So what’s the problem with this simple solution?
Categories.
For example Eisenstein on the Audiovisual is placed in the Eisenstein section of the bookstore.
So what’s wrong with that?
There’s also another section in the bookshop under the heading FILM SOUND.
Eisenstein wrote more about the audiovisual than any other film director, and in
Eisenstein on the Audiovisual I explore his ideas on using film sound and film music, in a word, on the audiovisual.
But you’ll never find this book in a film sound, or even in a film music section.
Why?
Because the AUDIOVISUAL hasn’t yet been devised as a category that is worthy of study.
And it is also because someone in an office somewhere checks on their computer and decides that Eisenstein on the Audiovisual goes into the FILM DIRECTORS section in the chain of bookshops.
As the author of this book, what can I do?
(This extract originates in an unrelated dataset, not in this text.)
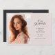 Beautiful graduation photo announcement features a vertical or portrait orientated photo aligned at the left, with "our graduate" and your graduate's name, school, and graduation year to the right. Delicate geometric detailing completes the look. Add a personal message to the back, along with an additional photo.

I can quietly take my book from the FILM DIRECTORS section and place it in the FILM SOUND/FILM MUSIC section.
But on my next visit to the chain bookstore, it’s not there any more: it’s back in the FILM DIRECTORS section.
Effectively this means that Eisenstein on the Audiovisual will only be bought by someone who knows in advance that it’s a book about the audiovisual - it’s not primarily a book about Eisenstein, but it’s about his ideas and practice with regard to innovative combinations of music, image and sound!
Eisenstein wrote about the audiovisual for those who make films, not for those who just want to read about his life (he wrote his autobiography Immoral Memories for that purpose, but it’s highly unlikely that you’ll find that book in the FILM DIRECTORS section anyway).
But I think he would probably also be disappointed (but perhaps not surprised) that his explorations of the audiovisual, which he wrote for practitioners, doesn’t even make an appearance in what should be called the AUDIOVISUAL section of the bookstore.
So how about having a copy of Eisenstein on the Audiovisual in both the FILM DIRECTORS section, and another copy in the FILM SOUND/FILM MUSIC section?
No, that’s conceptually invisible.
This is the reason I set up www.ocatilloaudiovisual.com/the-audiovisual-series.html (the audiovisual series).